Osteocytes are also targets for numerous systemic hormones including PTH, which acts through the PTH/PTHrP receptor (PPR). Clinically, PTH is the only available anabolic agent to treat osteoporosis. Moreover, recent evidence from us and other groups, suggests that osteocytes may partially mediate the anabolic effects of PTH via PTH mediated suppression of the osteocyte-specific protein sclerostin, a potent Wnt signaling inhibitor. To understand the role of PPR signaling in osteocytes and to determine if osteocytes directly mediate the effects of PTH on bone, we have generated mice with osteocyte-specific ablation of PPR (DMP1-PPRKO) using Cre-loxP recombination technique.

Use of this model promise to greatly enhance understanding of PTH action in osteocytes and possibly lead to the development of novel therapeutic agents for osteoporosis or other osteopenic diseases. The project is currently funded by an RO1 from NIDDK.
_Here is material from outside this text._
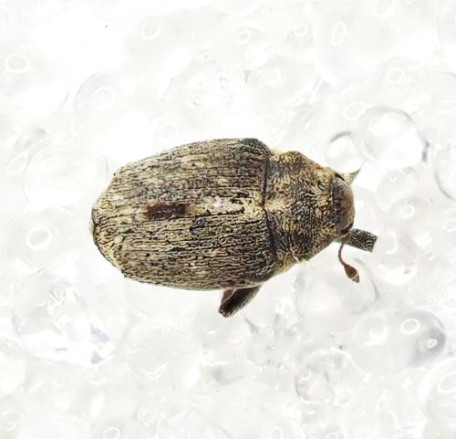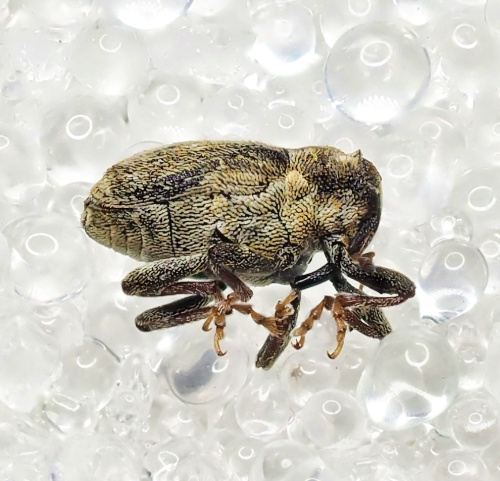 Microplontus campestris has a clearer white scale pattern that forms a 'W' across the elytra.

Similarly, to investigate the role of Gsa in osteocytes, we have engineered mice lacking Gsa in these cells by using the Cre-loxP recombination technique. Consistent with the role of osteocytes in regulating bone remodeling, Gsa-KO mice showed severe osteopenia. Unexpectedly, these mice also displayed hematopoietic abnormalities characterized by increased number of granulocytes and monocytes both in the bone marrow and in the spleen, suggesting an important role of osteocytes in the bone hematopoietic niche. The project is currently funded by an RO1 from NIAMS.

Lastly, in an effort to investigate the role of gravity, or the lack of it, in osteocytes, we have established conditionally immortalized osteocytic cell lines that faithfully recapitulate all the characteristics of an “osteocyte”.

These cells are characterized and selected on the basis of their responses to PTH and their secretion of Fibroblastic-Growth–Factor23 (FGF23) and Sclerostin. These cell lines are then cultured under static or dynamic (simulated NASA-designed rotating bioreactor or laminar fluid flow) and analyzed for their gene expression patterns. These studies will provide insights into mechano-transduction pathways and are a first step towards a better understanding the role of osteocytes in modulating mechano-transduction. In the second phase of this project, selected osteocytic cells will be cultured under “real” microgravity conditions, specifically those achieved on board the International Space Station (ISS).